On the way back to the harbour we got to see three rays swimming past the boat, they were really incredible but as ever the camera doesn’t do them justice at all.  We went for lunch at a different restaurant (all the swimming had worked up our appetites) to the one we had had breakfast in and I had shrimp spears (the Galapagos version of skewers) and Andrew had Coca Cola Chicken a delicious combination of chicken in a coca cola sauce with chips and steamed vegetables.  I think I will be trying to replicate the sauce back home.  We decided to escape the sun (we were both looking quite red some may say purple) and went back to the hostel for a sleep and a shower.  At about 4pm we were sure that the heat of the day had dissipated so we went back in to town to try to get a taxi to the lagoon again for another snorkel (the tide was in so we hoped there would be different things to see).  Now we have no idea how the taxi thing works here, we have been in a couple of taxis / 4x4’s (to the hostel with Lauro and to the boat trip arranged by Lauro) but nobody stops on the street if you try to flag them down (a taxi rank maybe? Um no).  I should mention that none of the cars say taxi per say but we are sure that everyone is in fact an undercover taxi driver.  We have seen cars pull over for locals after responding to a strange type of whistle but as we have yet to master the whistle we have yet to successfully hail a taxi.  That said we ended up walking there again – no worry we need the exercise.  At the pontoon there were loads of kids playing their favourite game of push each other in fully clothed, over and over again – the game never got boring.  I decided to give the snorkelling a miss and let Andrew go it alone as I read my book instead.  Apparently I missed out on seeing a huge ray, but as you, I await photographic proof to back up the claim – but still no sharks.

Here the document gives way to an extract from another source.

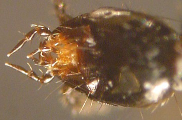 Gabrius microphthalmus (Horn) - 4.0-4.9 mm. Piceous black to black with elytra and apical margins of abdominal tergites more or less paler, rather piceous brown. Head, pronotum, and abdomen slightly iridescent. Maxillary palps piceous with last segment paler; labial palps dark brown; antennae piceous-black, basal three segments inconspicuously paler. Legs testaceo-brunneous with medial faces of all tibiae (front tibiae sometimes excluded) darkened. Head rounded quadrangular. Scutellum densely punctate. Dorsal rows of pronotum with 6 (occasionally 5 or 7) punctures.

The evening was beginning to set in so we packed up the stuff and returned the snorkels back to the shop and sat down at our favourite restaurant for their 3 course set menu again.  All good but the dessert was last nights’ jelly but frozen – is that okay - I don’t know I’ll tell you tomorrow.  On the way back it felt a bit like Groundhog Day, the same men sat in the same seats watching the volleyball on the court near to our hostel – the same chickens rotating on the rotisserie.  This is evening entertainment Galapagos style.  We repacked our bags ready for our 5am wake-up call and our 6am ferry back to Santa Cruz - this place has really grown on us in the past couple of days.  Of course the wildlife speaks for itself and is truly amazing but even the town has endeared itself to us in its own simple laid back way.  Tomorrow it’s back to the bright lights and big city of Puerto Ayora (we have to go back to Santa Cruz to get to San Cristobal there is no direct ferry) a veritable metropolis in comparison to here oh and to stock up on underwater cameras in our quest for the Hammerhead sharks – that’s if I don’t have a heart attack and drop the camera first.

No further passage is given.